MySQL SELECT row with maximal similarity

Question

Im have table like:

id | val1 | val2 | val3 | val4 | val5

How to find row(s) with maximum count equal vals (not all vals have to be equal).
Example: says I have 4 rows in table:

1 | Mercedes | E | black | 250hp | 270kmh | 
2 | Mercedes | C | white | 250hp | 240kmh | 
3 | BMW      | C | white | 250hp | 250kmh | 
4 | PORCHE   | E | red   | 300hp | 290kmh |

I select:

val1=PORCHE val2=E val3=red val4=250 val5=270

and get:

1 | Mercedes | E | black | 250hp | 270kmh | 
4 | PORCHE   | E | red   | 300hp | 290kmh |

because both have 3 equal fields.
Also question not about cars and I hope make this with one table.
That table about checking hardware of user and compare if it absolutely equal or how many equal it is

Welcome to Stackoverflow! Your question is thankfully compact - but perhaps too compact to be understood easily.

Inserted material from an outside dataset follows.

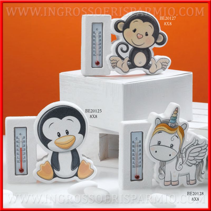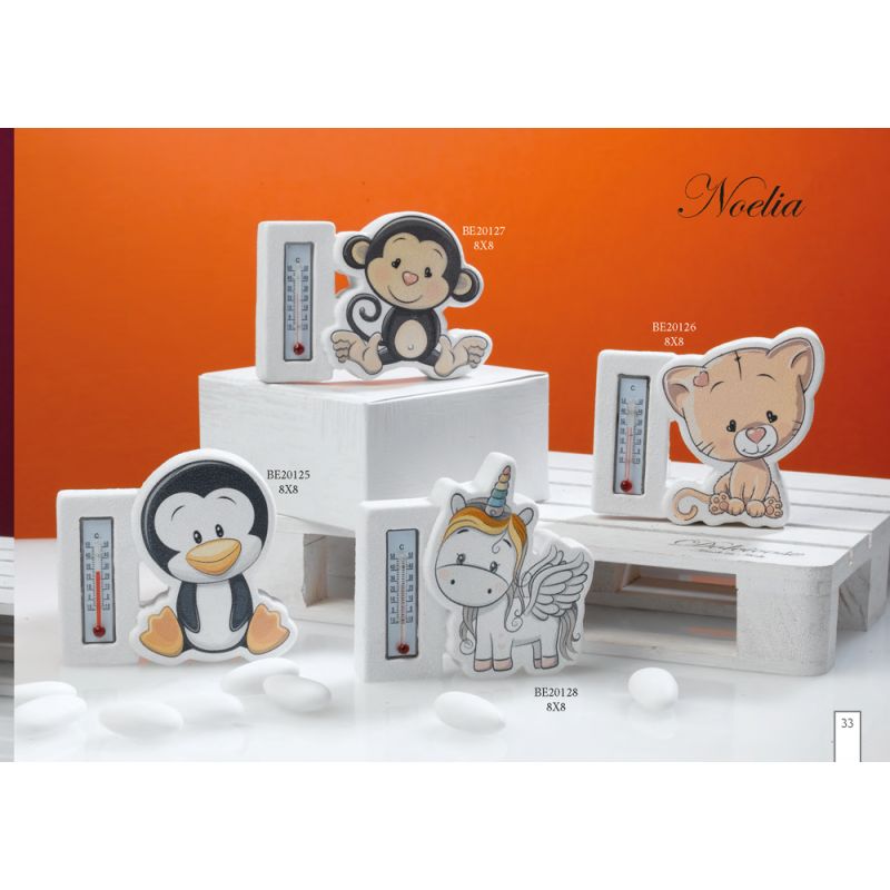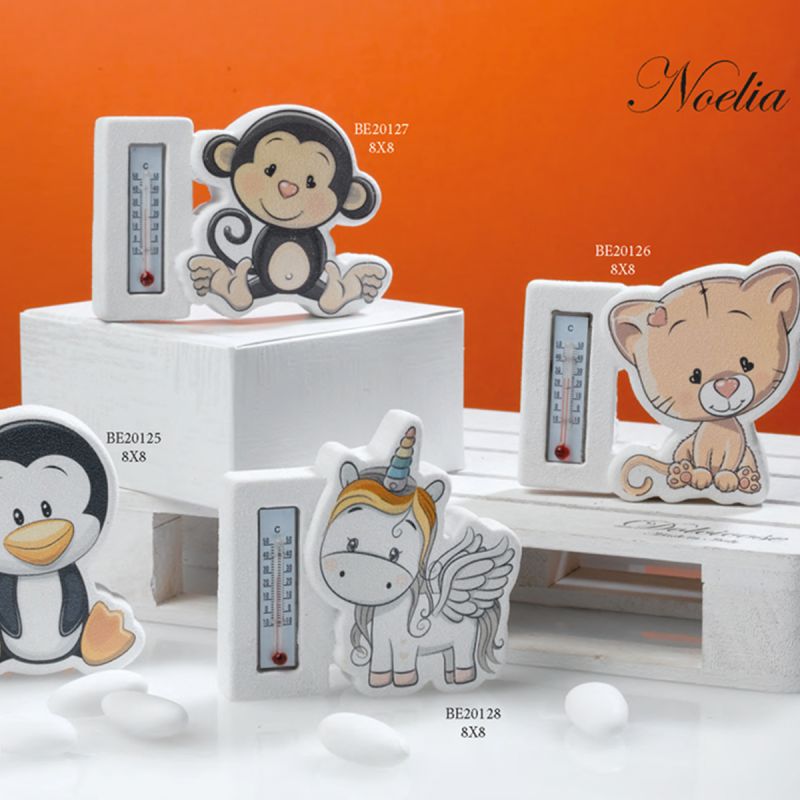 Termometro ambiente trasformato in bellissime bomboniere per battesimo, arricchito da soggetti animaletti colorati.

Could you elaborate a little your case, for instance by providing a brief example what you mean with "with maximum count equal vals"? What is the metric to judge your "similarity" (e.g. method of least squares?)? — EagleRainbow, Jan 26 '20 at 10:26
Pro tip: Edit your own question to make it better instead of writing an explaining comment — EagleRainbow, Jan 26 '20 at 10:47

EagleRainbow · Answer 1 · 2020-01-26T11:18:42.450

I have re-created your case here locally with the following sample data model:

CREATE TABLE `cars` (
  `id` int(11) NOT NULL,
  `val1` varchar(45) DEFAULT NULL,
  `val2` varchar(45) DEFAULT NULL,
  `val3` varchar(45) DEFAULT NULL,
  `val4` varchar(45) DEFAULT NULL,
  `val5` varchar(45) DEFAULT NULL,
  PRIMARY KEY (`id`)
) ENGINE=InnoDB DEFAULT CHARSET=utf8mb4;


INSERT INTO `cars` (`id`, `val1`, `val2`, `val3`, `val4`, `val5`) VALUES ('1', 'Mercedes', 'E', 'black', '250hp', '270kmh');
INSERT INTO `cars` (`id`, `val1`, `val2`, `val3`, `val4`, `val5`) VALUES ('2', 'Mercedes', 'C', 'white', '250hp', '240kmh');
INSERT INTO `cars` (`id`, `val1`, `val2`, `val3`, `val4`, `val5`) VALUES ('3', 'BMW', 'C', 'white', '250hp', '250kmh');
INSERT INTO `cars` (`id`, `val1`, `val2`, `val3`, `val4`, `val5`) VALUES ('4', 'PORSCHE', 'E', 'red', '300hp', '270kmh');

To get your "similarity votes" you could something like this:

select id, count(*) as votes from
(
    select id from cars where val1 = 'PORSCHE'
    union all
    select id from cars where val2 = 'E'
    union all 
    select id from cars where val3 = 'red'
    union all
    select id from cars where val4 = '250hp'
    union all
    select id from cars where val5 = '270kmh'
) as votes
group by id

With your test data this generates something like this:

id  votes
1   3
2   1
3   1
4   4

Now comes the tricky part: We only want the "maximal votes" (best fit). The challenge here is that we need to have this votes query above twice: Once to extract the maximum, and the second time for determining the ids associated to the maximal votes. If you only wanted the "first best match" you could use an order by votes desc limit 1. If you want to get "all ids which have the highest votes", then you could do something like:

select * from (
    select id, count(*) as votes from
    (
        select id from cars where val1 = 'PORSCHE'
        union all
        select id from cars where val2 = 'E'
        union all 
        select id from cars where val3 = 'red'
        union all
        select id from cars where val4 = '250hp'
        union all
        select id from cars where val5 = '270kmh'
    ) as votes
    group by id
) hits where votes = (
    select max(votes) from (
        select id, count(*) as votes from
        (
            select id from cars where val1 = 'PORSCHE'
            union all
            select id from cars where val2 = 'E'
            union all 
            select id from cars where val3 = 'red'
            union all
            select id from cars where val4 = '250hp'
            union all
            select id from cars where val5 = '270kmh'
        ) as votes
        group by id
    ) as hits
)

Unfortunately, this duplicates the selection query (and also needs to be computed twice). There is large discussion on how to best solve such a problem at SQL select only rows with max value on a column.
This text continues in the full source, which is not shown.